__STUDY MATERIAL__:
*** Block opens ***

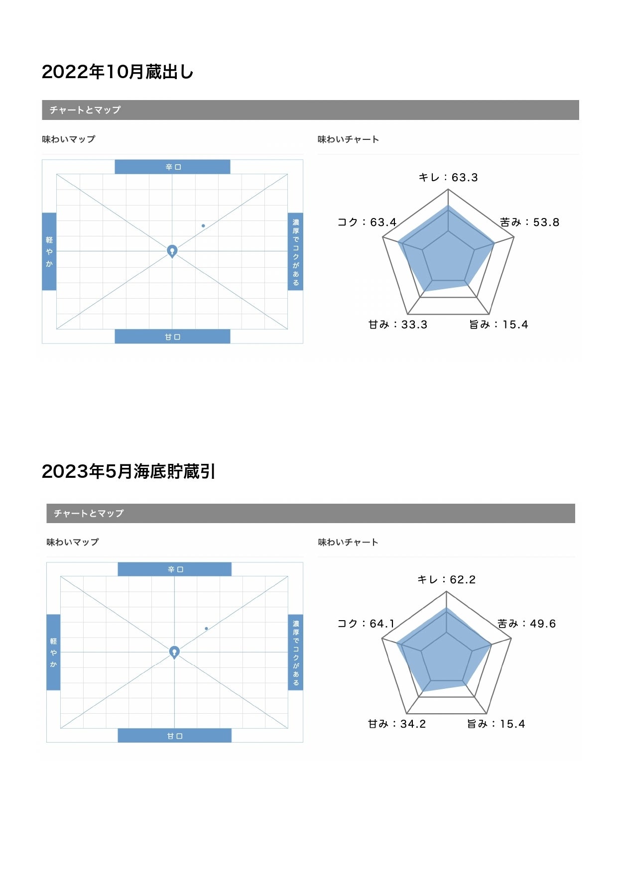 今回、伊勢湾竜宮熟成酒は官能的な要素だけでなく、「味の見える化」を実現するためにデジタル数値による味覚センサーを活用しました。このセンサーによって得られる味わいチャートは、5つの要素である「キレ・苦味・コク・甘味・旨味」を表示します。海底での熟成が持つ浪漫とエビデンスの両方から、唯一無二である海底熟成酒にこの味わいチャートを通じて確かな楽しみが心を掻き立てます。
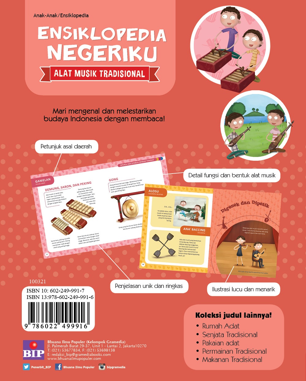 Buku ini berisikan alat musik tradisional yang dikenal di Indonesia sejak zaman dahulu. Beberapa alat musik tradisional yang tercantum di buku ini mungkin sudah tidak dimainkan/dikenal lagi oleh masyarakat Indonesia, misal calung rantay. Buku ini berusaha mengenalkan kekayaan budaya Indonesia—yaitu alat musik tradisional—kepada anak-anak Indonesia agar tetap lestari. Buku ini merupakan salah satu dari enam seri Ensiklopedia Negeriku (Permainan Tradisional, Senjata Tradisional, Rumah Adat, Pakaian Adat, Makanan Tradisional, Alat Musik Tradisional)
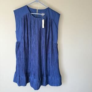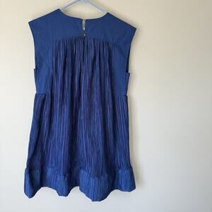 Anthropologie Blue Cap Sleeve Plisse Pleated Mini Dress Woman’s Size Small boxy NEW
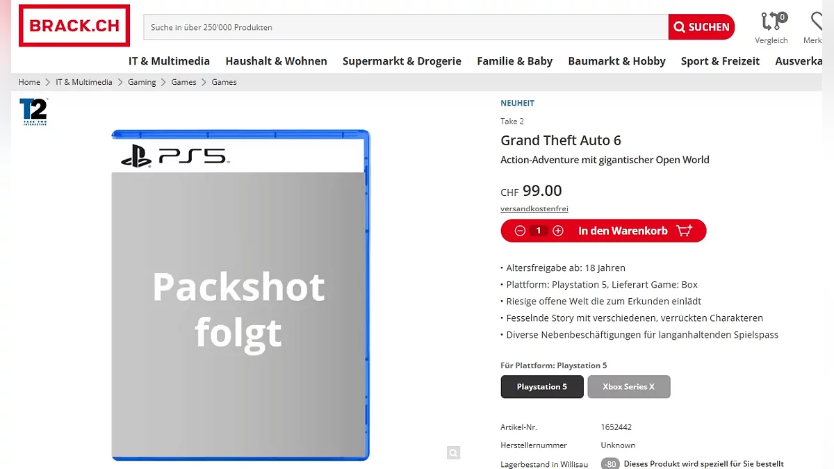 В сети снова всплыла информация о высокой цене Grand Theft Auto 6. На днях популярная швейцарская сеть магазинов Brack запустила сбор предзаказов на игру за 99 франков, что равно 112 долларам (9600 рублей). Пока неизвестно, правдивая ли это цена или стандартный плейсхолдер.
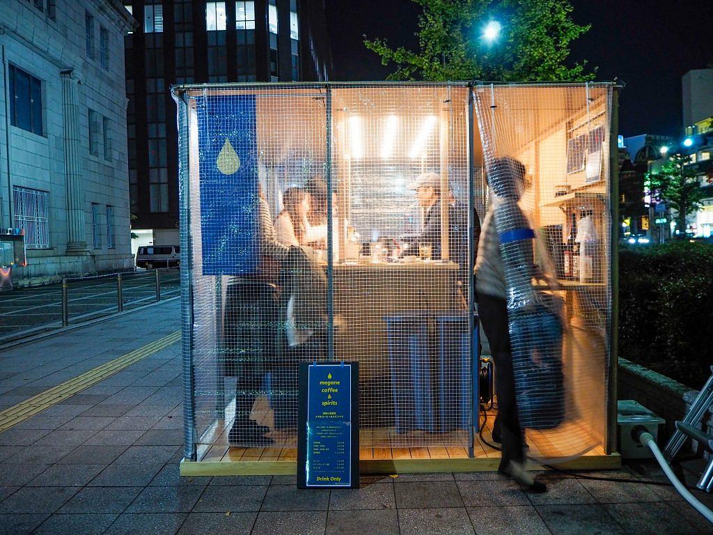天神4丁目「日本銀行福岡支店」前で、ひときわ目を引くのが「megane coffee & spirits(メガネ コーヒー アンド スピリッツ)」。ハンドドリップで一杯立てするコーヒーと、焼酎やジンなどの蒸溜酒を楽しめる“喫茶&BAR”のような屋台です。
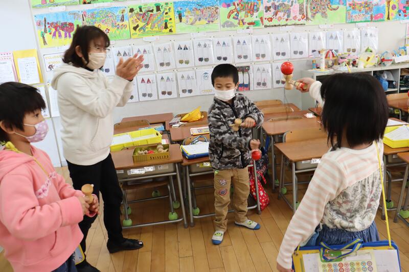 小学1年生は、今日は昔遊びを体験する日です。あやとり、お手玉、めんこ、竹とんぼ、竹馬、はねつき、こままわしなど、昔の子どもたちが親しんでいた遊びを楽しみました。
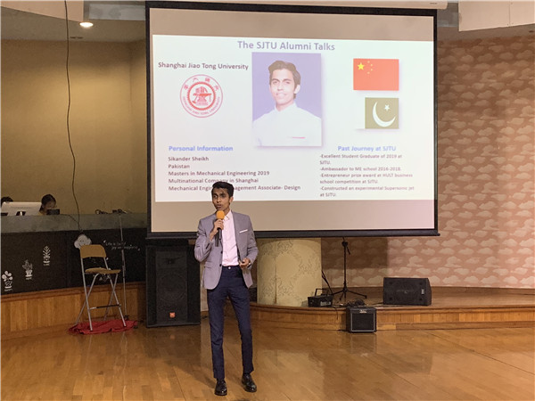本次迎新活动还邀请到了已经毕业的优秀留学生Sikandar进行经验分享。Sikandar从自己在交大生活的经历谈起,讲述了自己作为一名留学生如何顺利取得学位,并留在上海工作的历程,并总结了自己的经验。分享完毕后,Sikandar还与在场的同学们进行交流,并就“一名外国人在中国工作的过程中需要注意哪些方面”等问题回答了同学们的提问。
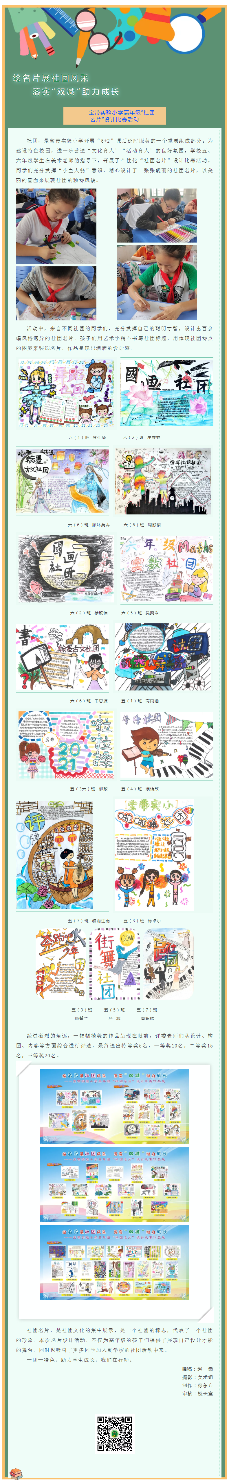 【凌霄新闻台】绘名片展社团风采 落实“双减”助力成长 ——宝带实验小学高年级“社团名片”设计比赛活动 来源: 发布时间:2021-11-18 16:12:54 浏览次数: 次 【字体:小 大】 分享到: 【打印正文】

*** Block closes ***
*** Block opens ***

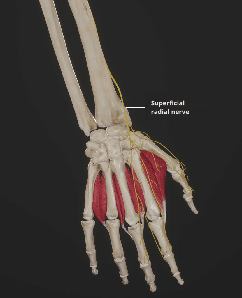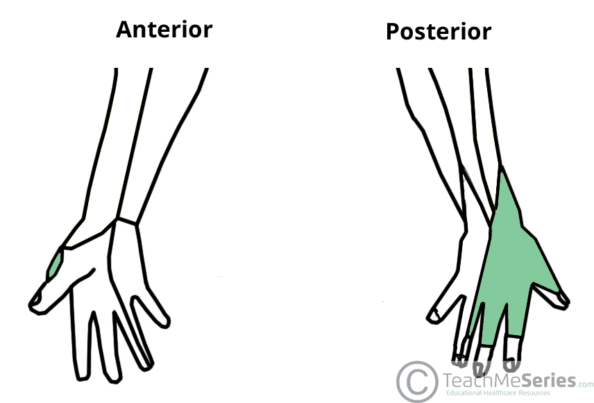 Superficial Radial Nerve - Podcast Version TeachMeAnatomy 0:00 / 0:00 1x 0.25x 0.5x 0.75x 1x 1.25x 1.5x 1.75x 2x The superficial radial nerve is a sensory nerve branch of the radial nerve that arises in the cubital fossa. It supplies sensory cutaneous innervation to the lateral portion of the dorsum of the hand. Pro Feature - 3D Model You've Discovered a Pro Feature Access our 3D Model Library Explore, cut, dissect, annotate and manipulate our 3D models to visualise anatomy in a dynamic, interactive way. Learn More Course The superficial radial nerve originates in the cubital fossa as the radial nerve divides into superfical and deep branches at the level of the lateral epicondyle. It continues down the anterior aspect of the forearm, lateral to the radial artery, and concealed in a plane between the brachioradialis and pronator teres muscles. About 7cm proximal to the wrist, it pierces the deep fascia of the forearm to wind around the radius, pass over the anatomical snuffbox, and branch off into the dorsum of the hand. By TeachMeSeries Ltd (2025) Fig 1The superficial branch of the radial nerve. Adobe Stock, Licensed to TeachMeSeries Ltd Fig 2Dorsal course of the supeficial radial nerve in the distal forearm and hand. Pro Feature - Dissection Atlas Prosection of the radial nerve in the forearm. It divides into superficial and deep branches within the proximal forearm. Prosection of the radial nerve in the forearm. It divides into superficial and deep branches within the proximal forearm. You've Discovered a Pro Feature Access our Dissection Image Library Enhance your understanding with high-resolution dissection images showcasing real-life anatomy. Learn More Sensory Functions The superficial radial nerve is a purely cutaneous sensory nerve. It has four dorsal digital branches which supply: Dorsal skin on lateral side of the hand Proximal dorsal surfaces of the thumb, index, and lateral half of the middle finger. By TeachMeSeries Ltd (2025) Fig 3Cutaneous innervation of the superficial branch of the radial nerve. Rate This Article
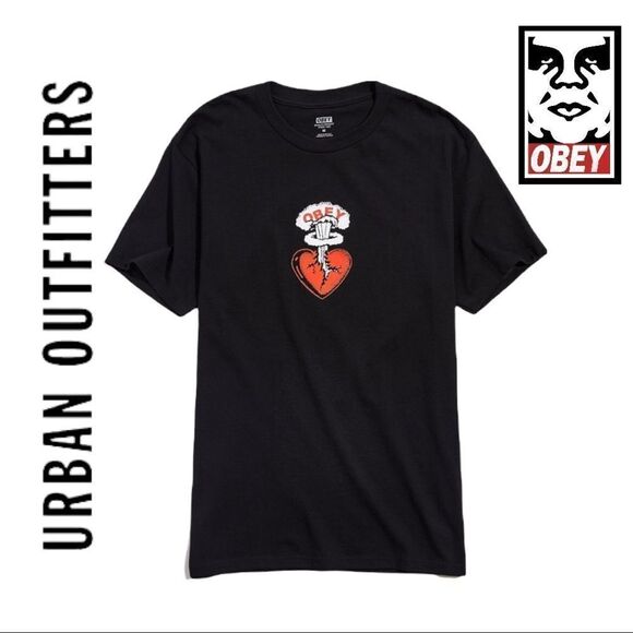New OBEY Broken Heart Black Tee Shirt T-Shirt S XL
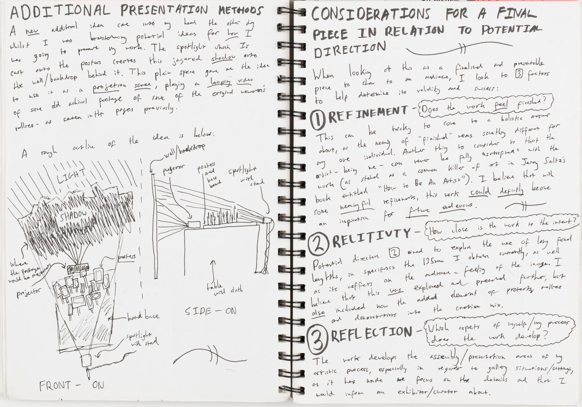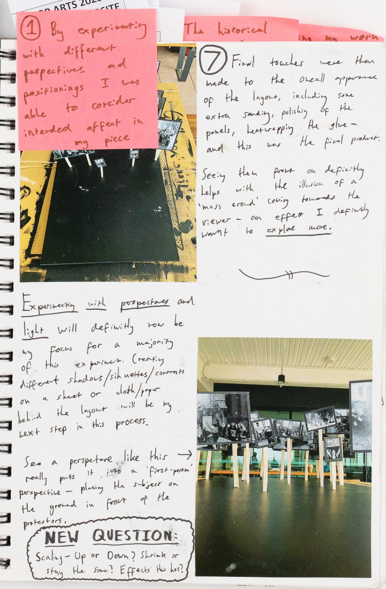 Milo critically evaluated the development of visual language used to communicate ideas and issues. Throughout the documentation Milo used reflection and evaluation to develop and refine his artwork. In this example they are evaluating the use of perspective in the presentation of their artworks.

*** Block closes ***

__EXERCISE GOAL__: Exactly reproduce the lines above, starting at the one that contains "天神4丁目「日本銀行福岡支店」前で、ひときわ目を引くのが「megane coffee &" and ending at the one that contains "本次迎新活动还邀请到了已经毕", both inclusive; leave the pictures out and add no other lines.

__ANSWER TO THIS EXERCISE__:
天神4丁目「日本銀行福岡支店」前で、ひときわ目を引くのが「megane coffee & spirits(メガネ コーヒー アンド スピリッツ)」。ハンドドリップで一杯立てするコーヒーと、焼酎やジンなどの蒸溜酒を楽しめる“喫茶&BAR”のような屋台です。
 小学1年生は、今日は昔遊びを体験する日です。あやとり、お手玉、めんこ、竹とんぼ、竹馬、はねつき、こままわしなど、昔の子どもたちが親しんでいた遊びを楽しみました。
本次迎新活动还邀请到了已经毕业的优秀留学生Sikandar进行经验分享。Sikandar从自己在交大生活的经历谈起,讲述了自己作为一名留学生如何顺利取得学位,并留在上海工作的历程,并总结了自己的经验。分享完毕后,Sikandar还与在场的同学们进行交流,并就“一名外国人在中国工作的过程中需要注意哪些方面”等问题回答了同学们的提问。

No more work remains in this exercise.